Segment Start: AVAILABLE DATA
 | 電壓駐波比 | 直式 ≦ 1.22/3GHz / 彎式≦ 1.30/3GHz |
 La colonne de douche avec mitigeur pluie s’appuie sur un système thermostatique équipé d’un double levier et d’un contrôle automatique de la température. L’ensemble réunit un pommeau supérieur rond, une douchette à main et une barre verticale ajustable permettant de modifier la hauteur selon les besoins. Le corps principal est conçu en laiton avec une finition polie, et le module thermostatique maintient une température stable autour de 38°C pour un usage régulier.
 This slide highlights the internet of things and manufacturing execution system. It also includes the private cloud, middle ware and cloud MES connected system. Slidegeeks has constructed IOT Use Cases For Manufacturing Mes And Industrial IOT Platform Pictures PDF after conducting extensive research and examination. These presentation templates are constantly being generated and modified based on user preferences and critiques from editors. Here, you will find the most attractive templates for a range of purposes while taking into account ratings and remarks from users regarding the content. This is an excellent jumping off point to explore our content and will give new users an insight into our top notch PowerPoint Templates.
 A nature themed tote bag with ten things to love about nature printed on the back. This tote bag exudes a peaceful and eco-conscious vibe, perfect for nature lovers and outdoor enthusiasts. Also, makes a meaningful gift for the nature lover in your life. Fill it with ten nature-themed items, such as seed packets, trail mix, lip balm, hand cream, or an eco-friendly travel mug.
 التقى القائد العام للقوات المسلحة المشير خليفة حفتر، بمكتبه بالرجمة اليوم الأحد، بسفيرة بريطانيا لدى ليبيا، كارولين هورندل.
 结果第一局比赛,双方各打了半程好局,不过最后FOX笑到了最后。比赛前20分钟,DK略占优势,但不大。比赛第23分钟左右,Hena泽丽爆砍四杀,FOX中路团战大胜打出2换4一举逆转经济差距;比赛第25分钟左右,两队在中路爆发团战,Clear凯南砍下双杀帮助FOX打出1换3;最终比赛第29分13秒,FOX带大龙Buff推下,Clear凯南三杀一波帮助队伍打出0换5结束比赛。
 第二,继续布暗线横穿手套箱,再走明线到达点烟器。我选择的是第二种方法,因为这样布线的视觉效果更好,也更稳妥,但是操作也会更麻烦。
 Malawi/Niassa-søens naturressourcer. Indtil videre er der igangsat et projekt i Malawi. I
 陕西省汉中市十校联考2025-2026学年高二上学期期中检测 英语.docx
Segment End: AVAILABLE DATA
### TASK OBJECTIVE
Within the data above, the span starting at the line containing "La colonne de" and ending at the line containing "This slide highlights" is to be retyped exactly, with no other lines.

### ANSWER SECTION
 La colonne de douche avec mitigeur pluie s’appuie sur un système thermostatique équipé d’un double levier et d’un contrôle automatique de la température. L’ensemble réunit un pommeau supérieur rond, une douchette à main et une barre verticale ajustable permettant de modifier la hauteur selon les besoins. Le corps principal est conçu en laiton avec une finition polie, et le module thermostatique maintient une température stable autour de 38°C pour un usage régulier.
 This slide highlights the internet of things and manufacturing execution system. It also includes the private cloud, middle ware and cloud MES connected system. Slidegeeks has constructed IOT Use Cases For Manufacturing Mes And Industrial IOT Platform Pictures PDF after conducting extensive research and examination. These presentation templates are constantly being generated and modified based on user preferences and critiques from editors. Here, you will find the most attractive templates for a range of purposes while taking into account ratings and remarks from users regarding the content. This is an excellent jumping off point to explore our content and will give new users an insight into our top notch PowerPoint Templates.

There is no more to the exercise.